◆ Brief:
Below are records with pictures; copy word for word only the lines between the line with "- Le , à l’aérodrome" and the line with "寧夏和寧化學(xué)有限公", inclusive, and drop the pictures.
- Opening Delimiter -
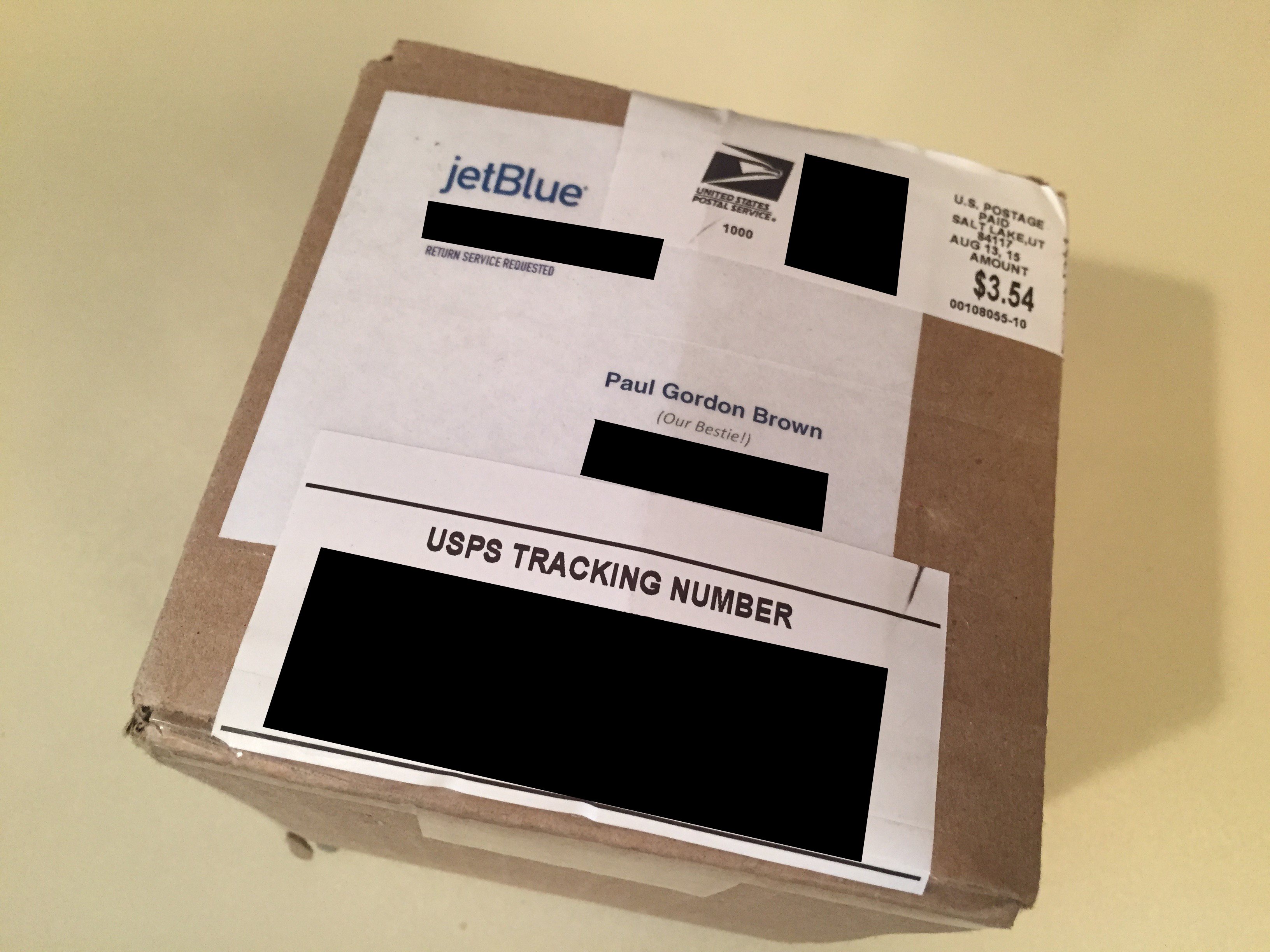 Uh oh… the JetBlue social media team is up to shenanigans again! For the next two days I had paranoia that a pizza delivery person could jump out from behind a building and accost me with showers of pizza boxes at any time (not that I would complain mind you). Well a few days passed… and this arrived at my door.
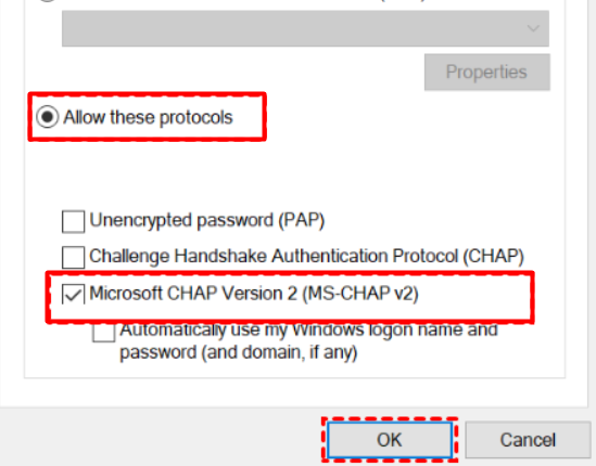 - Wyłączono protokół Microsoft Chap w wersji 2
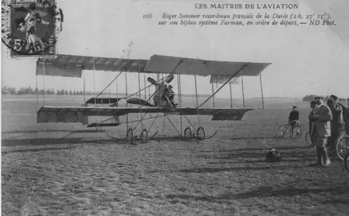 - Le , à l’aérodrome du camp de Châlons-sur-Marne, Sommer établit le nouveau record français de durée de vol : 1 heure 50 minutes et 30 secondes[5].
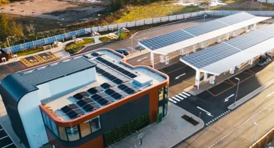 英国光储充一体化项目,系统配置1.75MW光伏系统、5MW/5MWh储能系统和7kW-350kW充电桩,通过光伏和储能联合出力,可同时满足36辆电动汽车现场充电。
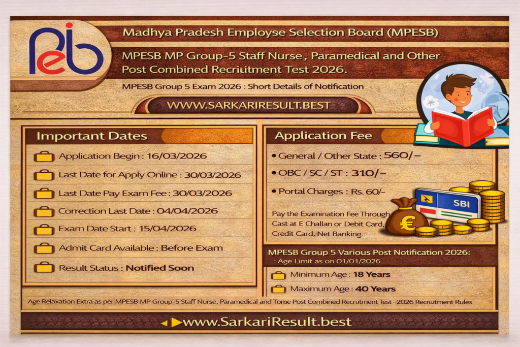 - Age Relaxation Extra as per MPESB MP Group-5 Staff Nurse , Paramedical and Other Post Combined Recruitment Test -2026 Recruitment Rules.
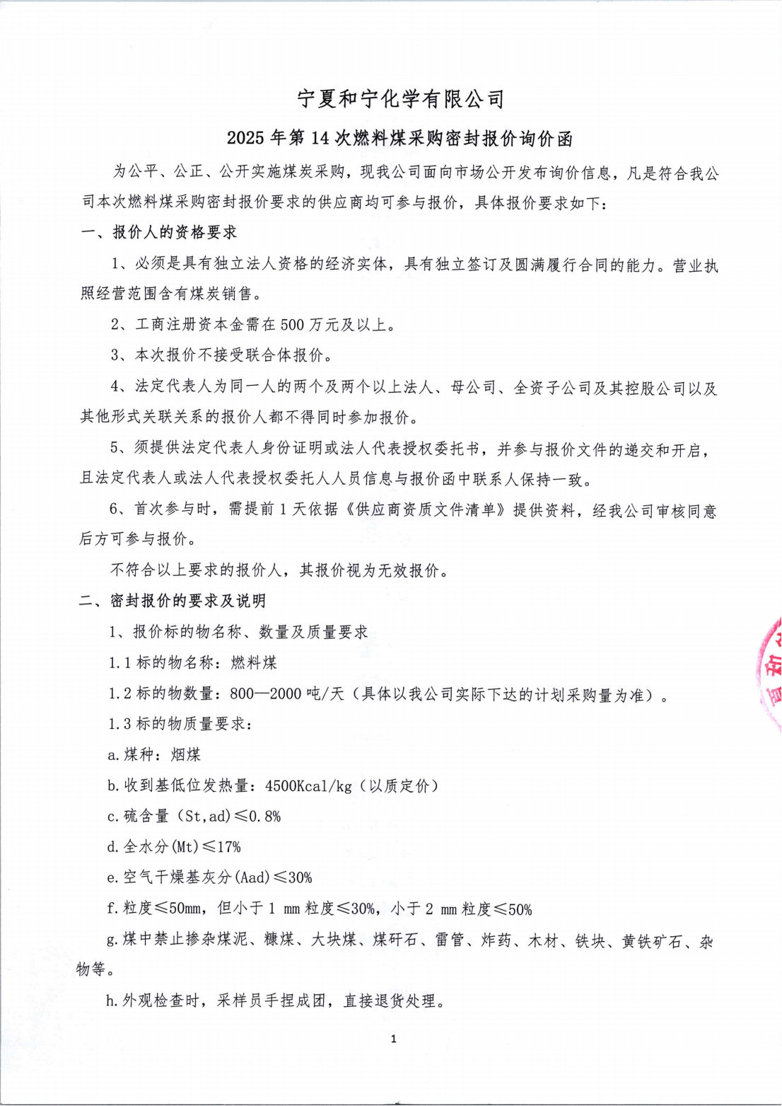 寧夏和寧化學(xué)有限公司2025年第14次燃料煤采購(gòu)密封報(bào)價(jià)詢(xún)價(jià)函附件下載 [全文]
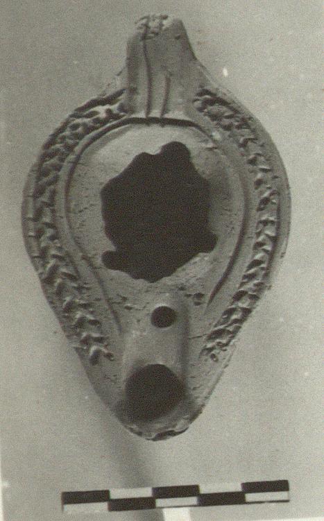 | Description: | Discus missing. A flat-bottomed boat-shaped lamp, with almost vertical sides. Unpierced handle, double-grooved above and below. Broad channel from discus to nozzle. Herringbone rim. Palm leaf, between two letters, on reverse, which is outlined by a double groove. Two stamped circles at base of handle; one at base of nozzle. Unglazed. Buff clay. Type XXVIII of Corinth collection. <graphic> | |
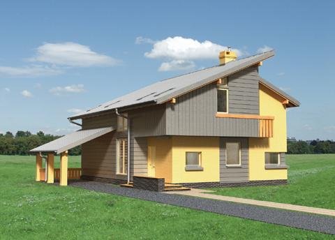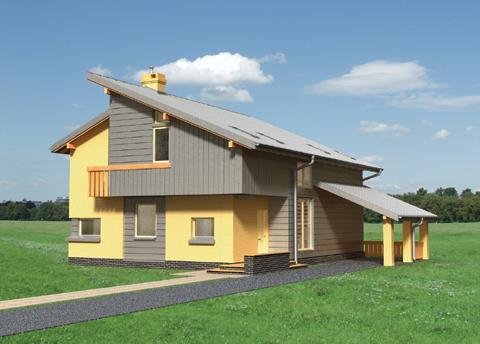 Koncepcja domu parterowego, z użytkowym poddaszem, niepodpiwniczonego, z wiatą na samochód
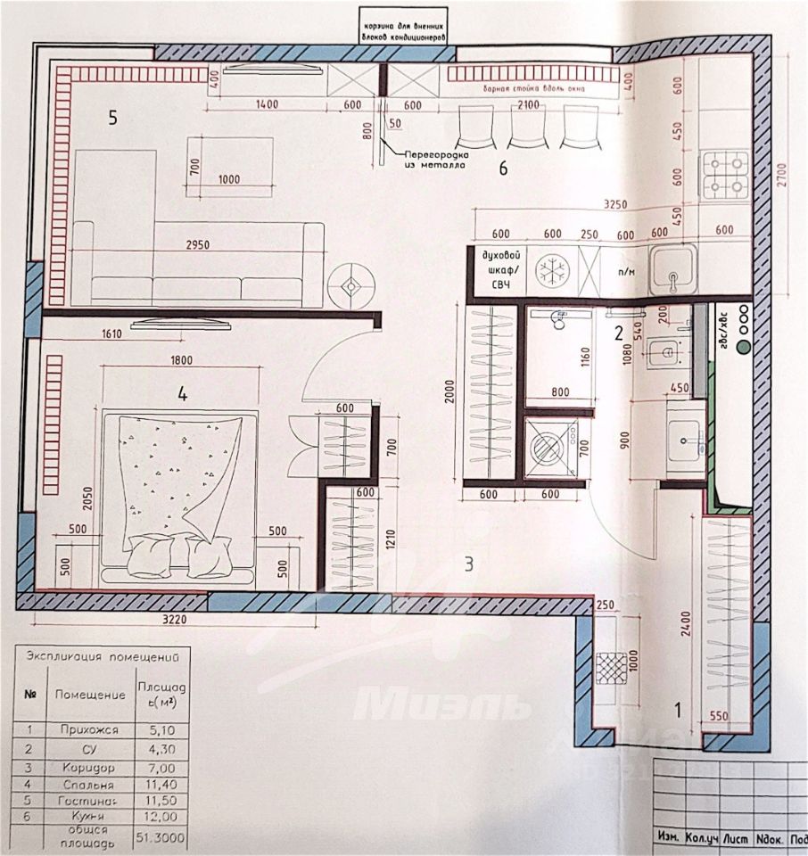 Общая площадь53,5 м2
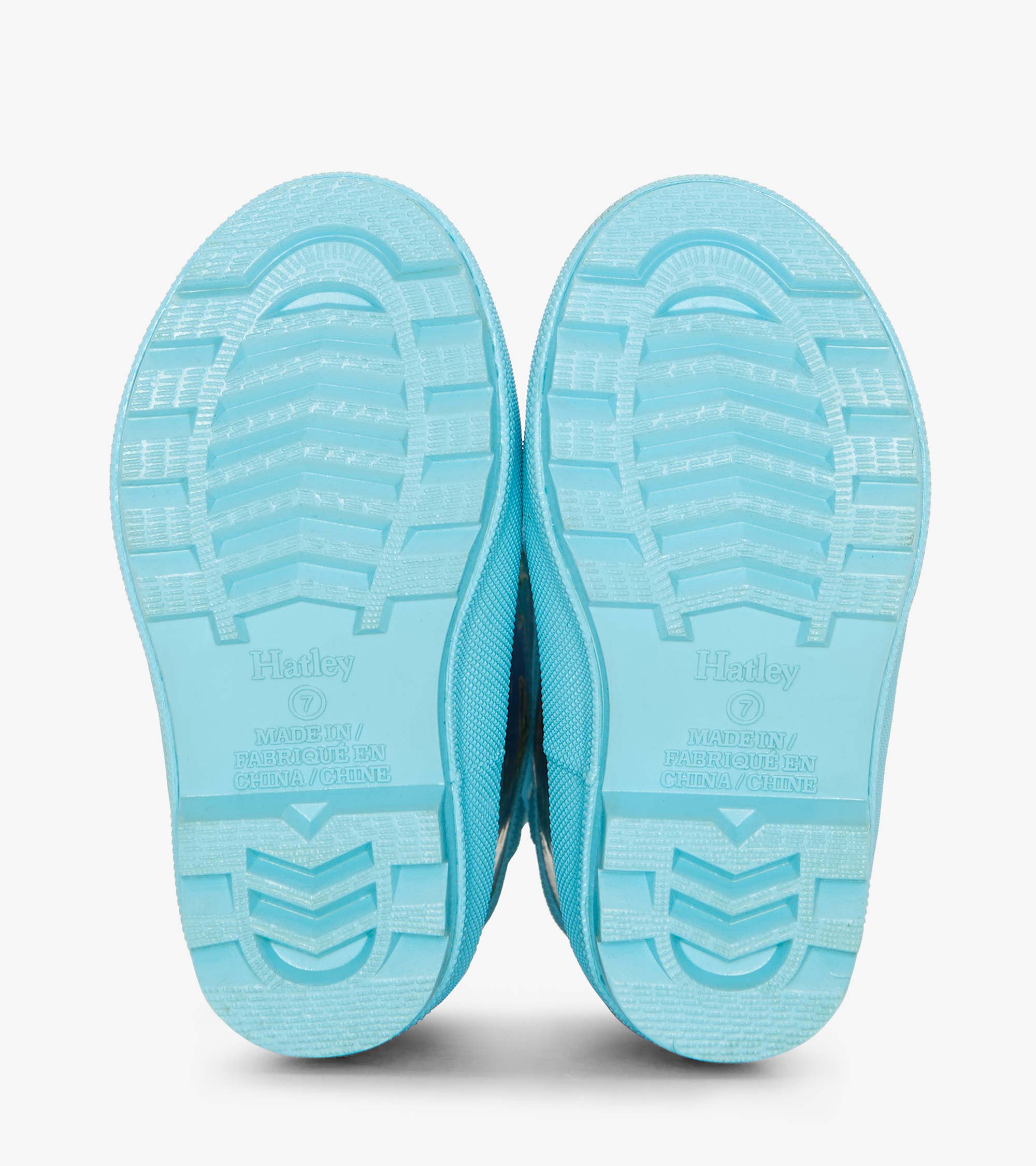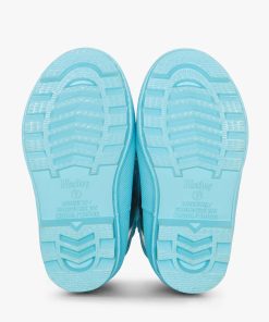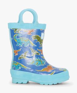 Stomp into rainy day fun with the Toddler Boys Dino Roar Rain Boots in Blue! Designed for mini explorers, these handmade vulcanized rubber boots are fully waterproof with slip-resistant soles that grip every step. The glossy blue exterior features a playful print of green, baby blue, and orange dinosaurs that roar with personality. A baby blue sole, striped accents up the back, rim, and boot loops bring bold contrast, while the white-and-baby blue front logo adds a cool branded touch. With a removable insole for added comfort, these boots make every splash a prehistoric adventure.
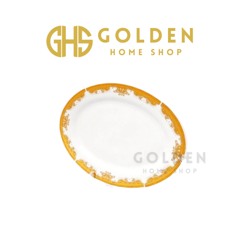 GHS - Piring Saji Oval Keramik 32 CM Mahkota Steak Serving Plate
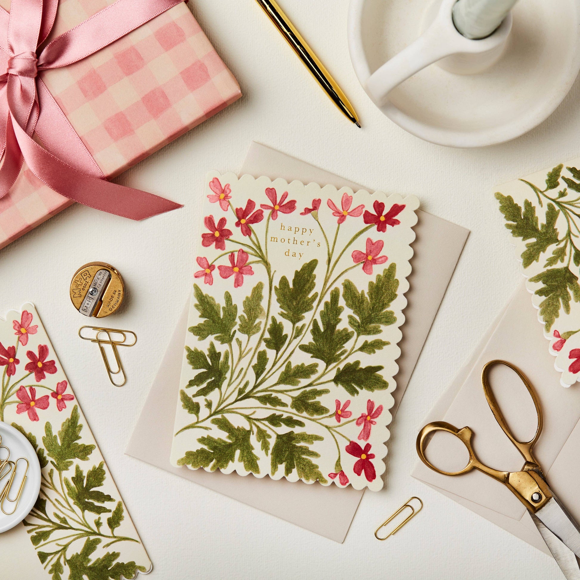 Part of the Flora collection, this card features an all-over floral pattern in soft green and pink, creating a fresh and decorative botanical design. A die-cut scalloped edge frames the artwork, while delicate gold foil details on both the front and back add a refined finishing touch.
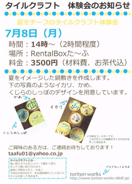 2013年7月8日にタイルクラフト教室が開催されました!
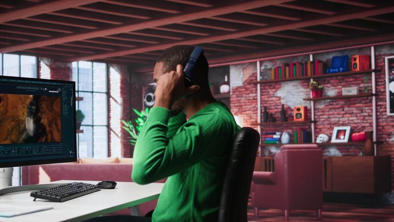 African american guy exploring art and deep learning visuals on a monitor. Uses predictive technology, virtual assistants and programs to bring prompts to life. Camera B. Pro Video
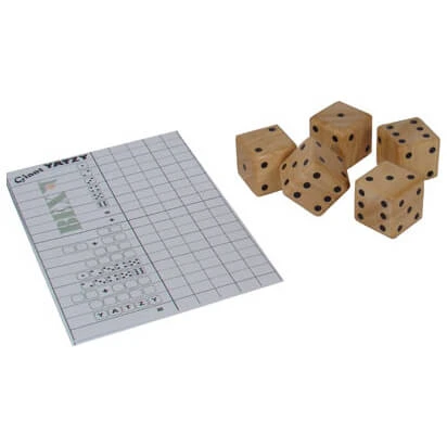 Yatzy ist ein Würfelspiel mit fünf Würfeln und eng mit Kniffel verwandt. Das Giant Yatzy von Bex ist die große Ausführung des beliebten Spiels für Familien, Camper, Kindergeburtstage und Jugendfreizeiten. Die großen Würfel mit einer Kantenlänge von 6 cm sind bestens für die Verwendung im Freien gemacht und bestehen aus widerstandsfähigem Gummibaum-Holz. Der Yatzy Spielblock, in dem die Resultate aufgeschrieben werden, und eine ausführliche Giant Yatzy Spielanleitung sind im Lieferumfang enthalten. Die praktische Transportdose kann gleichzeitig als Würfelbecher verwendet werden.
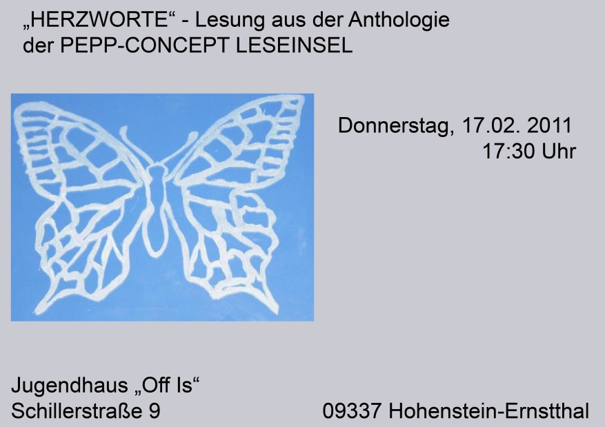 15. Februar 2011 #1 Die Leseinsel des Vereins "Pepp Concept" stellt ihr geplantes Anthologieprojekt "Herzworte" am 17.02. 2011 um 17:30 Uhr im Jugendhaus "Off Is" in 09337 Hohenstein Ernstthal vor. Der Eintritt ist frei
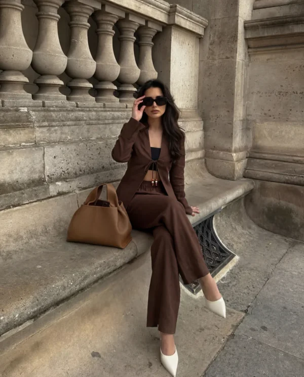 Add this chic yet functional outfit to your collection for effortless style in any setting. Perfect for running errands, brunch with friends, or lounging at home, the Coffee Tie Up Cotton Top and Pant Co-Ord Set is a go-to choice. Time to upgrade your fashion game without compromising on comfort.
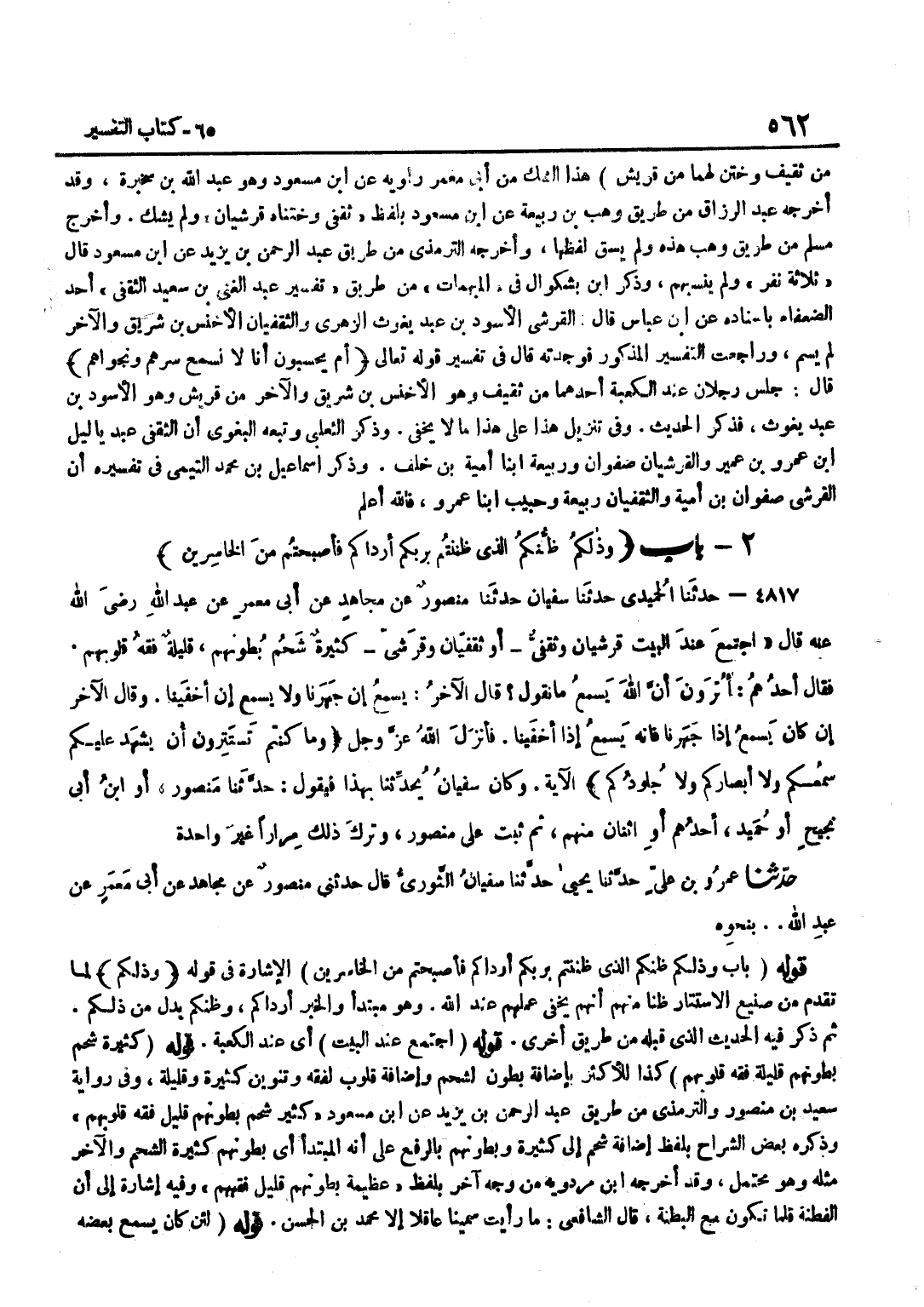 مِنْ ثَقِيفٍ وَخَتَنٌ لَهُمَا مِنْ قُرَيْشٍ هَذَا الشَّك من أبي معمر رِوَايَة عَن بن مَسْعُودٍ وَهُوَ عَبْدُ اللَّهِ بْنُ سَخْبَرَةَ وَقَدْ أَخْرَجَهُ عَبْدُ الرَّزَّاقِ مِنْ طَرِيقِ وَهْبِ بْنِ ربيعَة عَن بن مَسْعُودٍ بِلَفْظِ ثَقَفِيٍّ وَخَتَنَاهُ قُرَشِيَّانِ وَلَمْ يَشُكَّ وَأَخْرَجَ مُسْلِمٌ مِنْ طَرِيقِ وَهْبٍ هَذِهِ وَلَمْ يَسُقْ لَفْظَهَا وَأَخْرَجَهُ التِّرْمِذِيُّ مِنْ طَرِيقِ عَبْدِ الرَّحْمَنِ بْنِ يَزِيدَ عَنِ بن مَسْعُودٍ قَالَ ثَلَاثَةُ نَفَرٍ وَلَمْ يَنْسُبْهُمْ وَذَكَرَ بن بَشْكُوَالَ فِي الْمُبْهَمَاتِ مِنْ طَرِيقِ تَفْسِيرِ عَبْدُ الْغَنِيِّ بْنُ سَعِيدِ الثَّقَفِيُّ أَحَدُ الضُّعَفَاءِ بِإِسْنَادِهِ عَن بن عَبَّاسٍ قَالَ الْقُرَشِيُّ الْأَسْوَدُ بْنُ عَبْدِ يَغُوثَ الزُّهْرِيُّ وَالثَّقَفِيَّانِ الْأَخْنَسُ بْنُ شَرِيقٍ وَالْآخَرُ لَمْ يُسَمَّ وَرَاجَعْتُ التَّفْسِيرَ الْمَذْكُورَ فَوَجَدْتُهُ قَالَ فِي تَفْسِيرِ قَوْلِهِ تَعَالَى أَمْ يَحْسَبُونَ أَنَّا لَا نسْمع سرهم ونجواهم قَالَ جَلَسَ رَجُلَانِ عِنْدَ الْكَعْبَةِ أَحَدُهُمَا مِنْ ثَقِيفٍ وَهُوَ الْأَخْنَسُ بْنُ شَرِيقٍ وَالْآخَرُ مِنْ قُرَيْشٍ وَهُوَ الْأَسْوَدُ بْنُ عَبْدِ يَغُوثَ فَذَكَرَ الْحَدِيثَ وَفِي تَنْزِيلِ هَذَا عَلَى هَذَا مَا لَا يَخْفَى وَذَكَرَ الثَّعْلَبِيُّ وَتَبِعَهُ الْبَغَوِيُّ أَنَّ الثَّقَفِيّ عبد يَا ليل بْنِ عَمْرِو بْنِ عُمَيْرٍ وَالْقُرَشِيَّانِ صَفْوَانُ وَرَبِيعَةُ ابْنَا أُمَيَّةَ بْنِ خَلَفٍ وَذَكَرَ إِسْمَاعِيلُ بْنُ مُحَمَّدٍ التَّيْمِيُّ فِي تَفْسِيرِهِ أَنَّ الْقُرَشِيَّ صَفْوَانُ بْنُ أُمَيَّةَ وَالثَّقَفِيَّانِ رَبِيعَةُ وَحَبِيبٌ ابْنَا عَمْرٍو فَالله أعلم
- Closing Delimiter -
◆ Exercise solution:
 - Le , à l’aérodrome du camp de Châlons-sur-Marne, Sommer établit le nouveau record français de durée de vol : 1 heure 50 minutes et 30 secondes[5].
 英国光储充一体化项目,系统配置1.75MW光伏系统、5MW/5MWh储能系统和7kW-350kW充电桩,通过光伏和储能联合出力,可同时满足36辆电动汽车现场充电。
 - Age Relaxation Extra as per MPESB MP Group-5 Staff Nurse , Paramedical and Other Post Combined Recruitment Test -2026 Recruitment Rules.
 寧夏和寧化學(xué)有限公司2025年第14次燃料煤采購(gòu)密封報(bào)價(jià)詢(xún)價(jià)函附件下載 [全文]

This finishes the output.